Regarding your in-laws, I personally know them and am familiar with your FIL's personality. Delete that nonsense as soon as it arrives in your inbox. Block their email addresses as well. You don't need that kind of negativity. Then sage the hell out of the computer room and walk away. You have a lot on your plate. Don't add any more than is absolutely necessary.

Sending you love.

Anonymous said...

The Chewbacca costume is fantastic, as are the others you’ve shown us. One year my older daughter asked me to make her a sandwich costume, one of my favorites, and this year my younger daughter wants to be a snail, which I’m pretty excited about making.
The story about living with their parents is heartbreaking, I’m sure they have so much to work through after having that start to life.
As other people suggested, you can set up emails from certain senders to go straight to a folder that you can just ignore or periodically delete all. Although, your reply about unsubscribing made me laugh out loud!
Praying for you, your family and Harry and Larry.
-AM

Ernie said...

AM - Sandwich costume is so fun. Snail - good luck there. Oh, how I love the challenge of a good costume.

It is unreal.
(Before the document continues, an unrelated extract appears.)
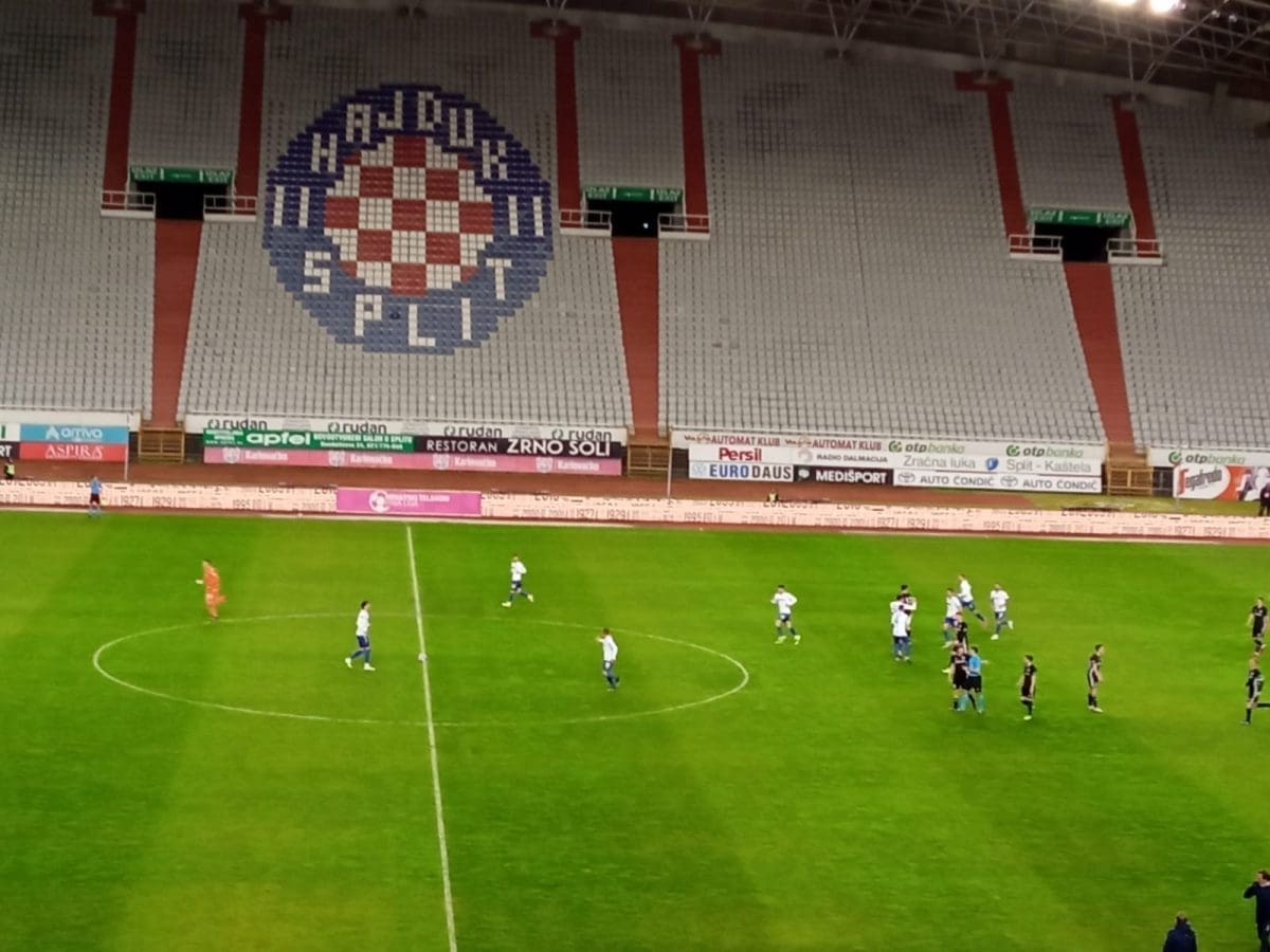 U 23. minuti Livaja je odlično ubacio s desne strane, a Umut je s pet metara pospremio loptu u mrežu za 1:0. U 26. minuti zbog preoštra je starta požutio Fossati. Minutu kasnije hajdukovci su panično izbacivali Belupov ubačaj, što je rezultiralo kornerom, koji je vrlo loše izveden. Livaja i Umut pokušali su sličnu pobjedničku kombinaciju i u 31. minuti, no Umut nije dobro zahvatio loptu. Nakon slobodnjaka Belupa u 38. minuti Lulić je pokušao volej iz daljine, bez opasnosti za Hajdukov gol.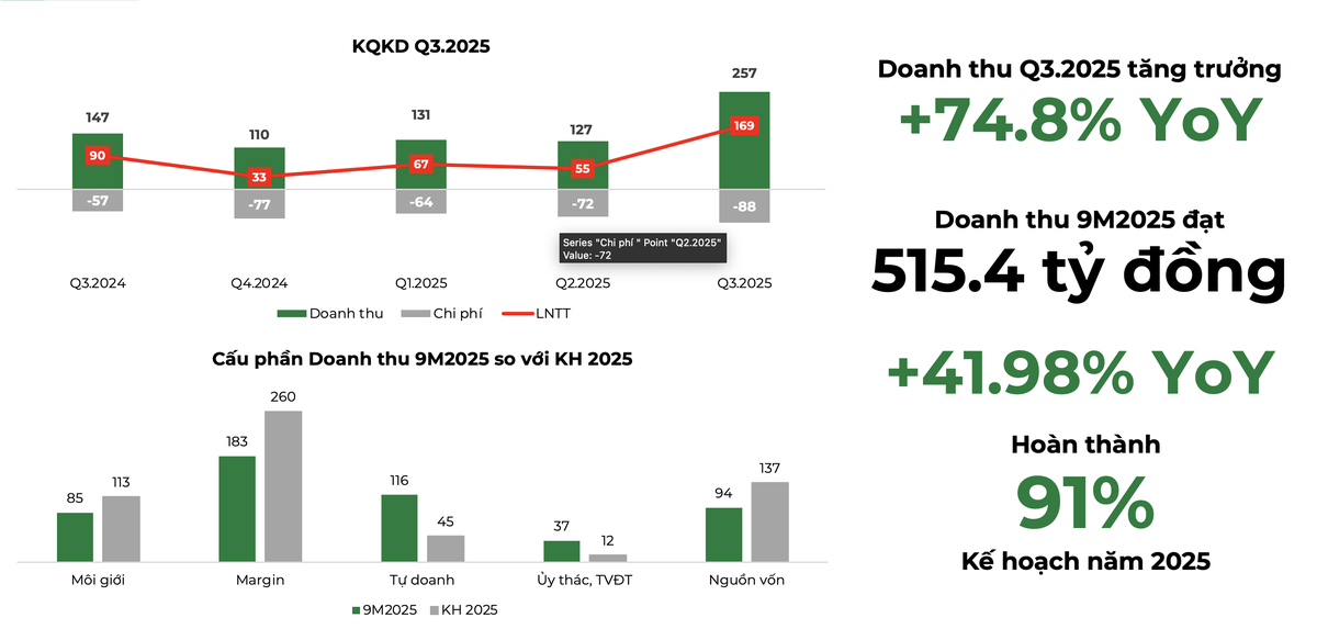 Trong đó, hoạt động tự doanh đã hoàn thành 258% kế hoạch năm 2025; hoạt động uỷ thác/tư vấn đầu tư cũng khởi sắc khi hoàn thành 609% so với kế hoạch 9 tháng năm 2025 và 304% so với kế hoạch năm.

Incredible what some people can put their children through.

I need to get on that email thing. The other day was particularly bad because TEN emails in one afternoon. All over the top crap. Give it a rest. One ever once in a while is the norm, but that constant bombardment was a bit much.

Thanks for the prayers. Much appreciated.

Busy Bee Suz said...

Just the mere logistics of all the appointments you've been going through *sigh*
I can't even imagine.

Seven years old and he was in charge. WTF. So many people should not be able to breathe the same air as us; his parents included.

Sorry, but I had a chuckle at the Chewbacca "almost heatstroke" costume. You are the Queen of costume making and I bow in your presence.

Your inlaws are a piece of work. Can you just block their email address?
I would not be able to bite my tongue, so why bother? Are you going to offend them? Maybe? Then maybe they'll leave out of the stupidity that runs through their minds.


Ernie said...

Suz - The zooms themselves almost did me in. Therapy. Zooms with Indiana people. My worker's visits. Zoom with the psychiatrist. One the two people in Indiana we needed to zoom didn't both get on the zoom. The moron who missed it later emailed me OH, I COULDN'T MAKE THAT TIME. WHEN ELSE CAN WE DO A ZOOM BECAUSE I STILL NEED TO SEE THE BOYS. I chose very strong words when I responded. Get on the same page over their in corn-stalk-ville and don't make me re-do shit. Hard enough.

Their past is hard to wrap my brain around.

I miss the costume making days. Simpler times and with creative juices flowing and LOTS of excuses to do no housework and laundry. It was seriously so funny that it was crazy hot. That poor kid. This is Chicago, 95 degrees? Come on.

I am on your page, sister. Tired of holding my tongue. I hate pretending and to me, not responding or speaking up is a form of allowing them to think I'm in agreement. Puke. If nothing else, I've learned how NOT TO TREAT FUTURE DAUGHTER IN LAWS AND SON IN LAWS. Let's pause a moment and laugh about that because I could NEVER behave like them. I'm much more of a WELCOME TO THE FAM type.

Suzanne said...

It breaks my heart to hear how many people have failed these boys, in how many ways. I have faith that you and your husband are going to do right by them, whatever "right" is. Sending all of you love and light.

Ernie said...

Suzanne - It is very heartbreaking. 'Doing right' by them - that's a good way to put it. That's what we tried to do.